TurboSAT: Gradient-Guided Boolean Satisfiability Accelerated on GPU-CPU Hybrid System
Steve Dai, Cunxi Yu, Kalyan Krishnamani, Brucek Khailany
TL;DR
This work tackles accelerating Boolean SAT solving on heterogeneous GPU-CPU systems by reformulating SAT as a differentiable binarized matrix-multiplication task. It introduces a binary-minary matrix encoding with $P \in \{0,1\}^{C \times 2V}$ and $A \in \{0,1\}^{2V \times N}$, producing $R=PA$ and a differentiable $S$ via a soft minimum to drive a loss $\mathcal{L} = -\sum_i S_i$, with gradients flowing through a STE-enabled binarization of $A_{real}$. The solver runs a gradient-guided exploration on the GPU to propose promising partial assignments and then uses CDCL-based refinement on the CPU to complete solutions, seeded by high-confidence variables extracted from gradient magnitudes. Empirically, on satisfiable benchmarks from the 2024 SAT Competition, the approach achieves substantial speedups over CPU-only solvers (up to over $200\times$) and an average speedup of about $27.3\times$, validating the viability and value of GPU-accelerated differentiable SAT on hybrid hardware.
Abstract
While accelerated computing has transformed many domains of computing, its impact on logical reasoning, specifically Boolean satisfiability (SAT), remains limited. State-of-the-art SAT solvers rely heavily on inherently sequential conflict-driven search algorithms that offer powerful heuristics but limit the amount of parallelism that could otherwise enable significantly more scalable SAT solving. Inspired by neural network training, we formulate the SAT problem as a binarized matrix-matrix multiplication layer that could be optimized using a differentiable objective function. Enabled by this encoding, we combine the strengths of parallel differentiable optimization and sequential search to accelerate SAT on a hybrid GPU-CPU system. In this system, the GPUs leverage parallel differentiable solving to rapidly evaluate SAT clauses and use gradients to stochastically explore the solution space and optimize variable assignments.
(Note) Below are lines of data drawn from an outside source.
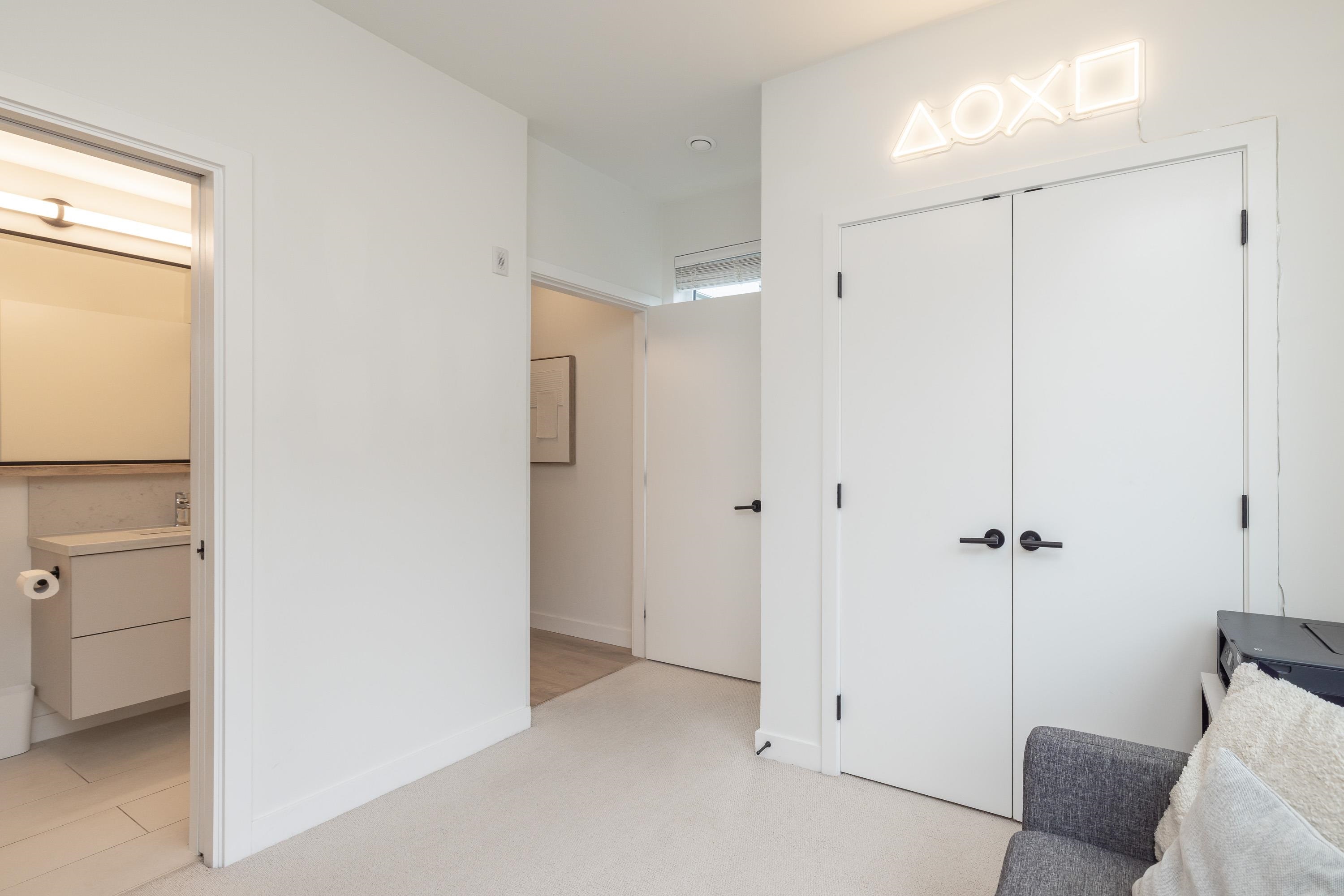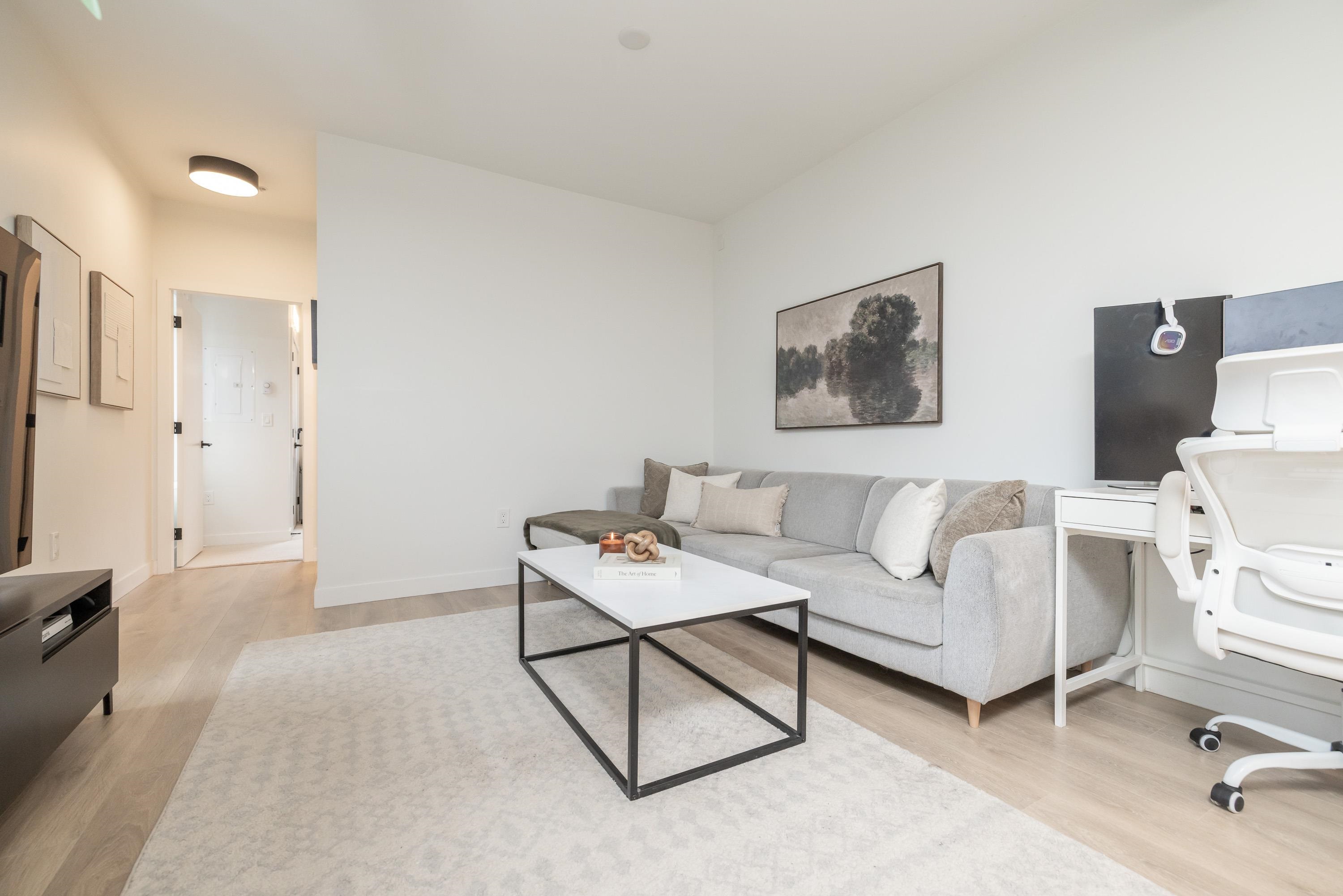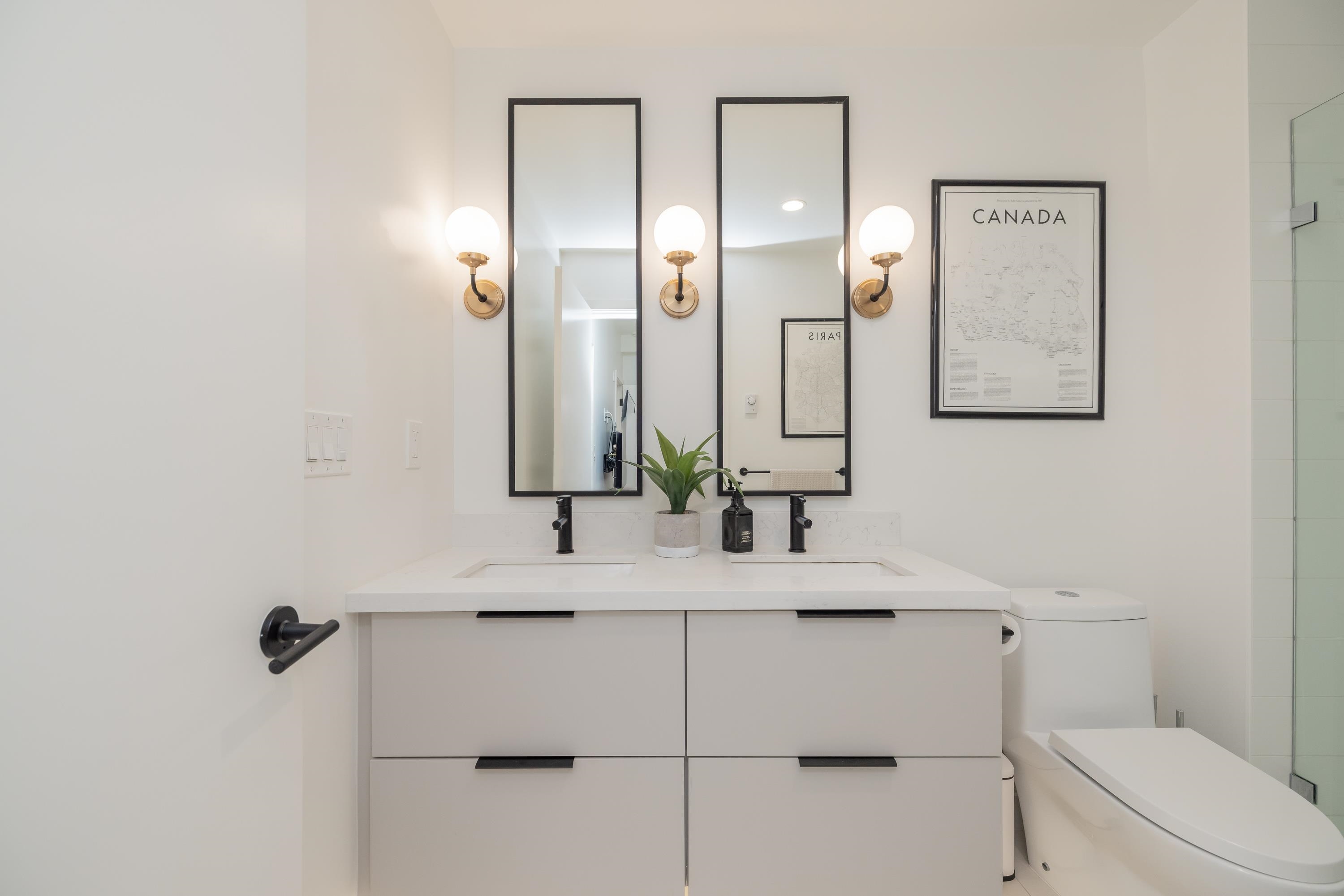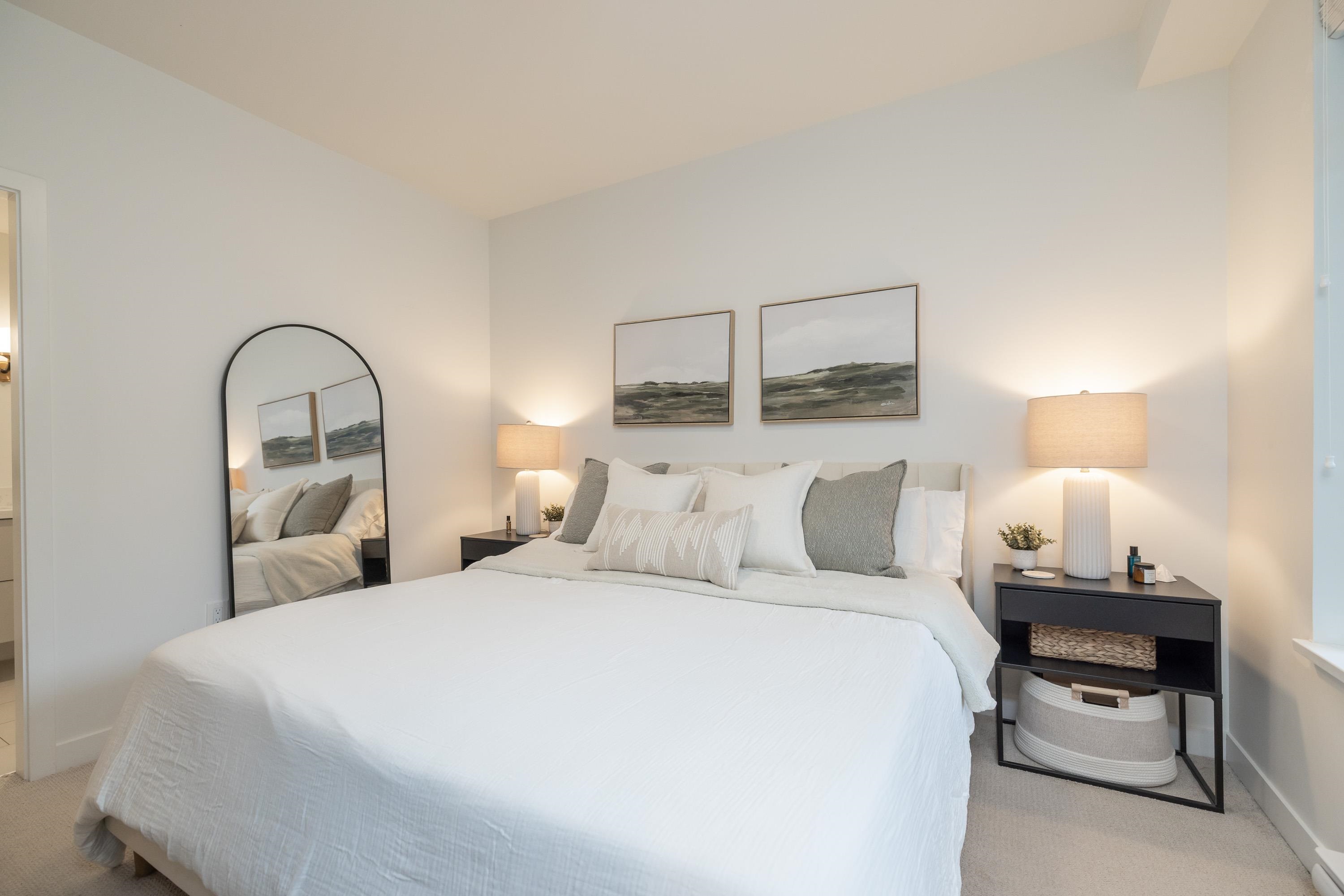 Fabulous living in Port Moody, with shops, restaurants, trails, parks, and more all outside your door! Welcome to this 936 sq ft 2 bdrm 2 bthrm END UNIT (no neighbours below) in the George, steps to the vibrant community yet located on a quiet street making it the perfect location. Kitchen has stylish cabinetry, quartz, island/prep space with seating for 3, and S/S appliances including gas & built in microwave. Bedrooms are located on opposite sides for privacy, and primary has a large walk in closet and a ...
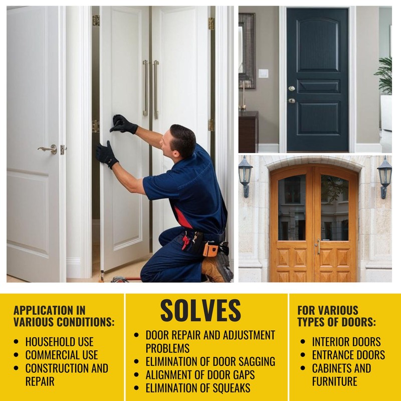 • EFFECTIVE DOOR GAP ADJUSTMENT. Designed as a hinge door adjustment tool, it ensures precise alignment and leveling of doors. Easily eliminating unsightly gaps, this door adjustment tool is perfect for maintaining aesthetics in your residential spaces
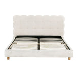 Artiss cloud headboard bed frame in white. Features boucle fabric upholstery and durable wood and metal construction. This platform base fits queen mattresses. Includes wooden slats and metal legs for strength. Easy to assemble. Supports up to 300KG. Note: Actual colour may vary.
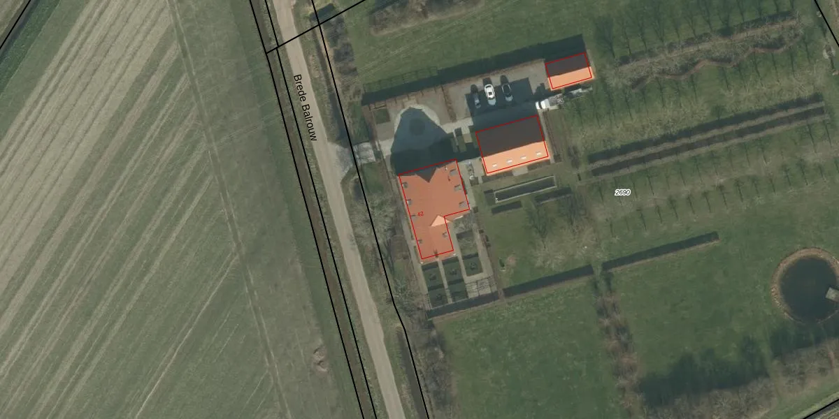 Het perceel waarop Brede Balrouw 42 staat heeft een oppervlakte van 1,7 ha. Dit is een zeer groot perceel. De perceeloppervlakte wordt geregistreerd door het Kadaster. Gedetailleerde informatie over de maten van dit perceel kunt u vinden in het rapport Kadastrale kaart met maatvoering van Brede Balrouw 42.
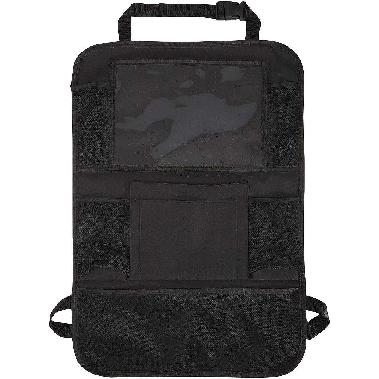 Car back seat organiser with multiple mesh pockets to hold essentials such as snacks, toys, or bottles, plus a PVC window for a tablet. It attaches easily to the front seat and helps keep your car tidy and clutter-free – ideal for families, road trips, or everyday use. Dimensions: 0,5 x 60 x 40 cm
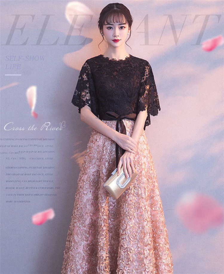 ドレス 大人 ピアノ発表会 中学生 高校生 ロングドレス 演奏会ドレス 黒 イブニングドレス パーティードレス 韓国 カクテルドレス お呼ばれ ブライズメイド 袖あり お呼ばれドレス
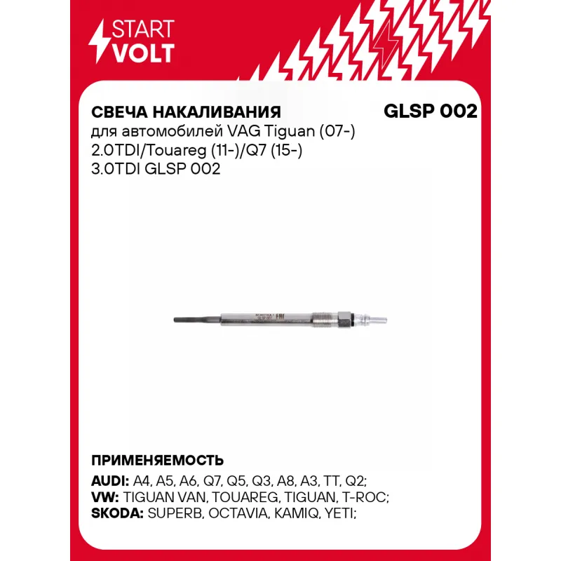 Свеча накаливания для автомобилей VAG Tiguan (07-) 2.0TDI/Touareg (11-)/Q7 (15-) 3.0TDI Характеристики: Артикул: GLSP 002 OEM номера: 65268030009, 65268030005, 65268030008, 958 170 320 91, 958 170 320 90, 955 170 320 90, 059 963 319 E, 059 963 319 F, 03L 963 319 A, 03L 963 319 C, 060 963 319 F, 04L 963 319 D, 04L 963 319 E, 03L 963 319 D, 04L 963 319 B, 03L 963 319, 059 998 319, 0 250 403 009, DG-193, Y-609AS, D-Power 49, 5849, 8888, Y1002AS, D-Power 57 Напряжение, В: 4,4 Резьба: М10х1 Покатность конуса, град: 63 Тип и размер подключения: PIN 4 Монтажная глубина, мм: 28 Момент затяжки, нм: 10-12 Ширина ключа: 10 Общая длина, мм: 126,4 Комплектация: Гайка - 1 шт Свеча накаливания - 1 шт Паспорт изделия/гарантийный талон - 1 шт Гарантия: от 1 года.
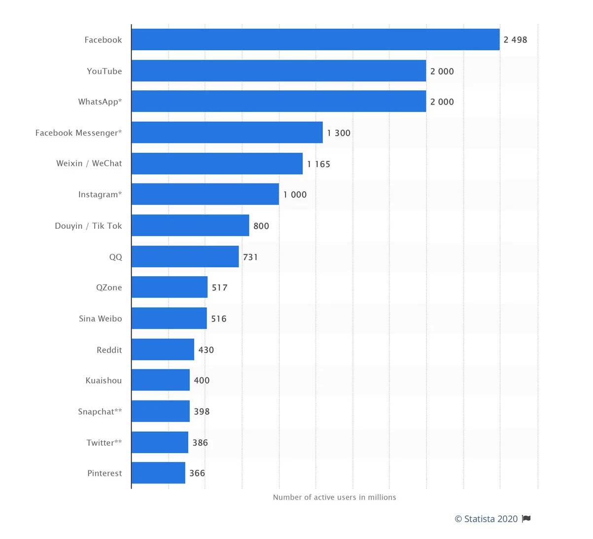 Most popular social networks worldwide as of April 2020, ranked by number of active users (in millions)
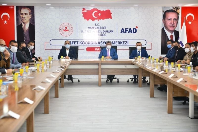 Toplantıya AK Parti Van Milletvekili Abdulahat Arvas, vali yardımcıları, kaymakamlar, belediye başkanları, ilgili kamu kurum müdürleri ile oda başkanları katıldı.
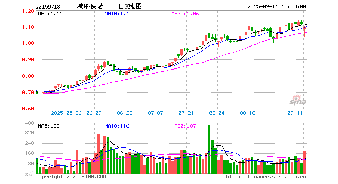 9月11日港股医药ETF(159718)份额增加1400.00万份,最新份额2.43亿份,最新规模2.62亿元
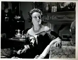 From the early 1950s, Brown's arthritic condition (first appearing when she was sixteen) began to make playing on the stage difficult; her mobility was restricted and she was in great pain, which was kept at bay by drugs.[5] Nevertheless, she was a notable success as Jennet in the London production of Christopher Fry's The Lady's Not For Burning, opposite Richard Burton, Claire Bloom and John Gielgud (1949), which transferred to Broadway for an extended run (1950–51).[6][7] Time magazine wrote (20 November 1950): "As the lady, Pamela Brown proves that Fry did not write the part for her in vain. No one has a more gloriously uppity charm; no voice can simultaneously so rasp and thrill; no one ever made standoffishness more come-hitherable."[8]
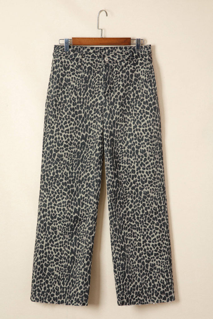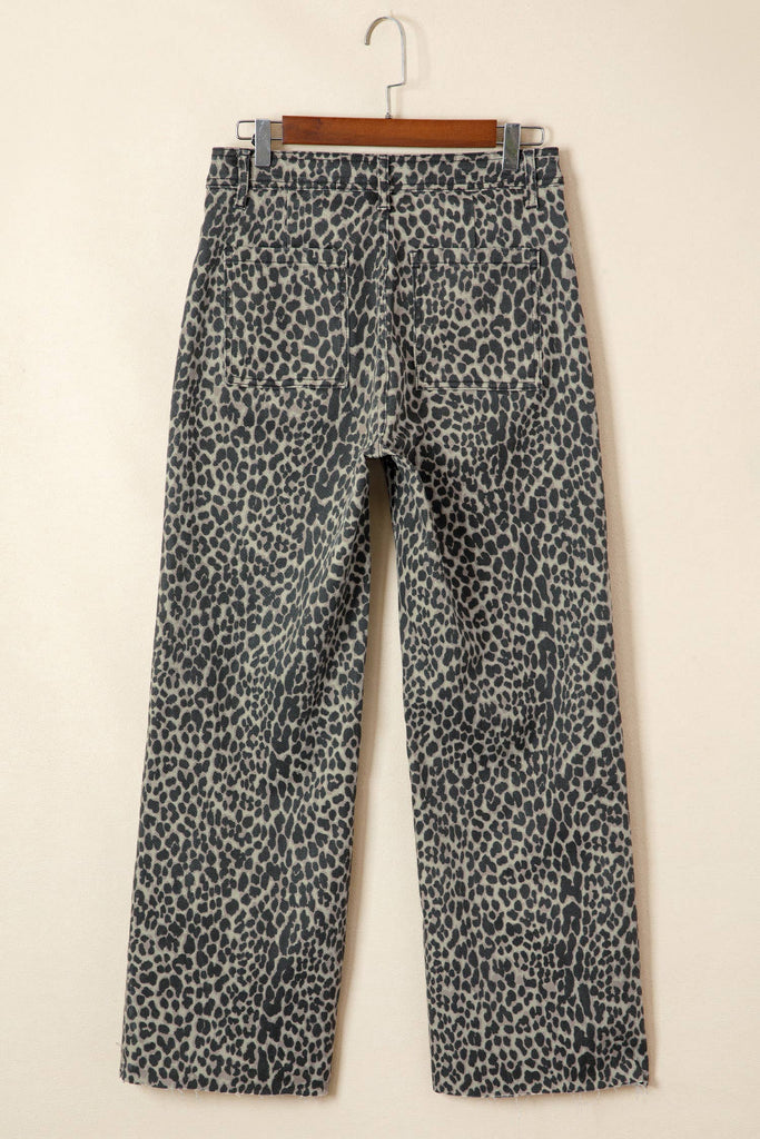 Rock a look that commands attention with these Leopard Wide Leg High Waist Jeans. The bold leopard print delivers instant edge while the high waist cinches your midsection for a flattering silhouette. Wide legs flow into a dramatic, elongated line that turns heads without sacrificing comfort. Perfect for anyone ready to make a style statement that's equal parts fierce and fabulous.
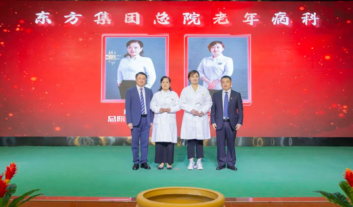 集团领导为东方医院集团总院老年病科行政主任谭震、总院副主任王蕾颁发聘任奖杯。
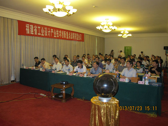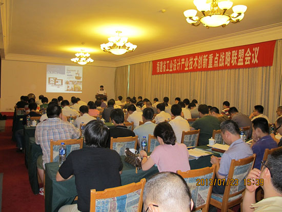 2013年7月23日下午,2013年福建省工業設計產業技術創新重點戰略聯盟會議在福州召開。福建省科技廳高新處陳建林副調研員、政策處陳偉副處長、省生產力促進中心主任朱祥枝、副主任楊志鵬及來自全省各地、各個行業的會員代表80多人參加了會議。大會由聯盟秘書長宋春華和新當選的聯盟秘書長林寧思先后主持。陳建林副調研員、陳偉副處長分別介紹了我省產業技術創新重點戰略聯盟發展現狀和相關政策解讀。

Promising partial assignments generated by the GPUs are post-processed on many CPU threads which exploit conflict-driven sequential search to further traverse the solution subspaces and identify complete assignments. Prototyping the hybrid solver on an NVIDIA DGX GB200 node, our solver achieves runtime speedups up to over 200x when compared to a state-of-the-art CPU-based solver on public satisfiable benchmark problems from the SAT Competition.